Study group members are listed in Appendix 1.
I. Veterans Affairs Cooperative Study of Polyenylphosphatidylcholine in Alcoholic Liver Disease: Effects on Drinking Behavior by Nurse/Physician Teams
Article first published online: 3 MAY 2006
Alcoholism: Clinical and Experimental Research
Volume 27, Issue 11, pages 1757–1764, November 2003
How to Cite
Lieber, C. S., Weiss, D. G., Groszmann, R., Paronetto, F., Schenker, S. and for the Veterans Affairs Cooperative Study 391 Group (2003), I. Veterans Affairs Cooperative Study of Polyenylphosphatidylcholine in Alcoholic Liver Disease: Effects on Drinking Behavior by Nurse/Physician Teams. Alcoholism: Clinical and Experimental Research, 27: 1757–1764. doi: 10.1097/01.ALC.0000093744.12232.34
Supported by the Cooperative Studies Program, Department of Veterans Affairs, and the Kingsbridge Research Foundation.

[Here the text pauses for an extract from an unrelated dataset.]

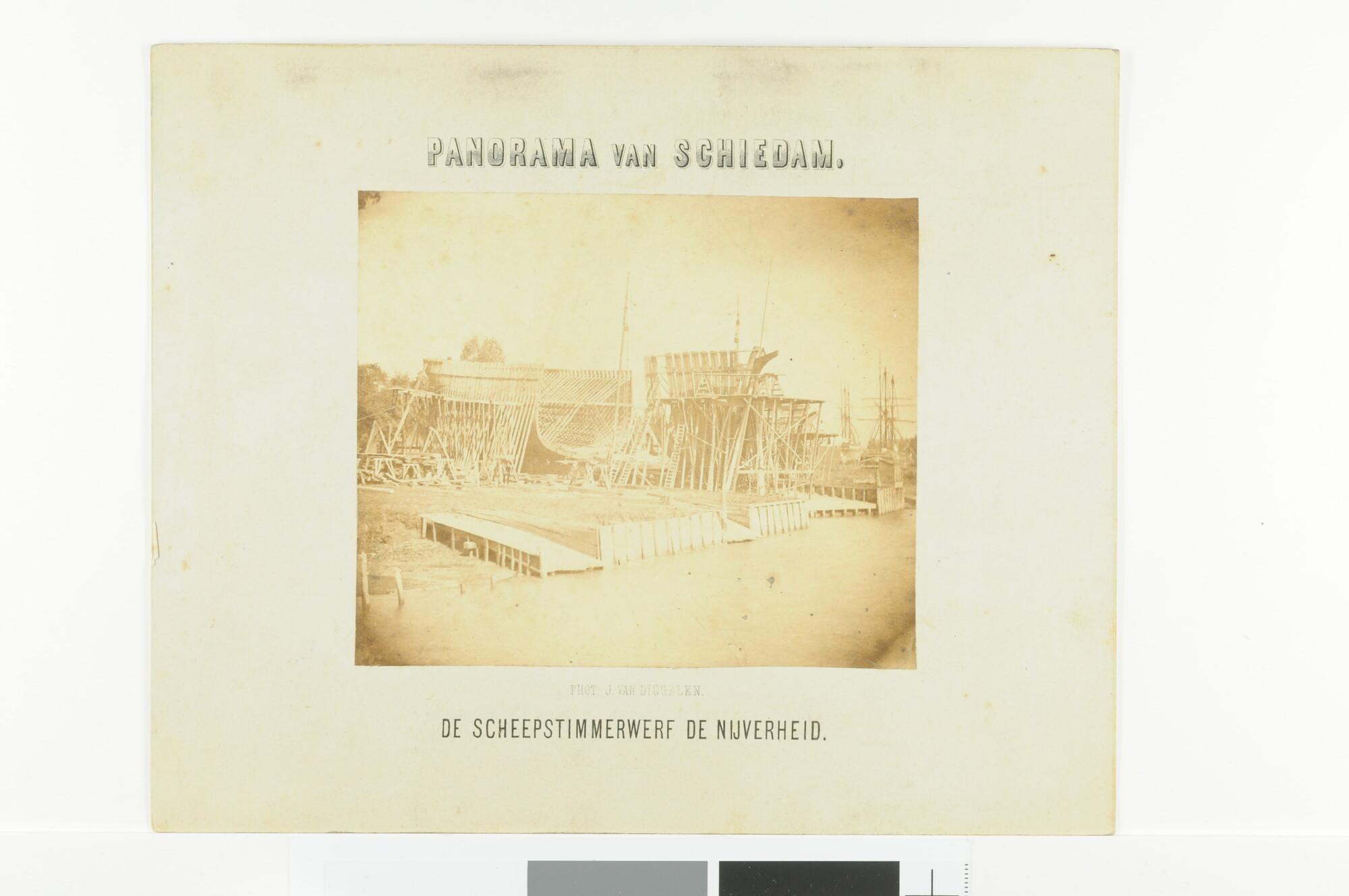 Een schip is in aanbouw bij scheepstimmerwerf 'De Nijverheid' van C. Gips & Zn. te Schiedam.

Presented at the Annual Meeting of the American Association for the Study of Liver Diseases, November 2002, Boston, Massachusetts.
- Issue published online: 3 MAY 2006
- Article first published online: 3 MAY 2006
- Received for publication February 27, 2003; accepted August 12, 2003.
- Brief Invention;
- Control of Drinking
Background: This multicenter prospective, randomized, double-blind placebo-controlled trial was designed to evaluate the effectiveness of polyenylphosphatidylcholine against the progression of liver fibrosis toward cirrhosis in alcoholics. Seven hundred eighty-nine alcoholics with an average intake of 16 drinks per day were enrolled. To control excessive drinking, patients were referred to a standard 12-step–based alcoholism treatment program, but most patients refused to attend. Accordingly, study follow-up procedures incorporated the essential features of the brief-intervention approach. An overall substantial and sustained reduction in drinking was observed. Hepatic histological and other findings are described in a companion article.
Methods: Patients were randomized to receive daily three tablets of either polyenylphosphatidylcholine or placebo. Monthly follow-up visits included an extensive session with a medical nurse along with brief visits with a study physician (hepatologist or gastroenterologist). A detailed physical examination occurred every 6 months. In addition, telephone consultations with the nurse were readily available. All patients had a liver biopsy before entry; a repeat biopsy was scheduled at 24 and 48 months.
Results: There was a striking decrease in average daily alcohol intake to approximately 2.5 drinks per day. This was sustained over the course of the trial, lasting from 2 to 6 years. The effect was similar both in early dropouts and long-term patients, i.e., those with a 24-month biopsy or beyond.
Conclusions: In a treatment trial of alcoholic liver fibrosis, a striking reduction in alcohol consumption from 16 to 2.5 daily drinks was achieved with a brief-intervention approach, which consisted of a relative economy of therapeutic efforts that relied mainly on treatment sessions with a medical nurse accompanied by shorter reinforcing visits with a physician. This approach deserves generalization to address the heavy drinking problems commonly encountered in primary care and medical specialty practices.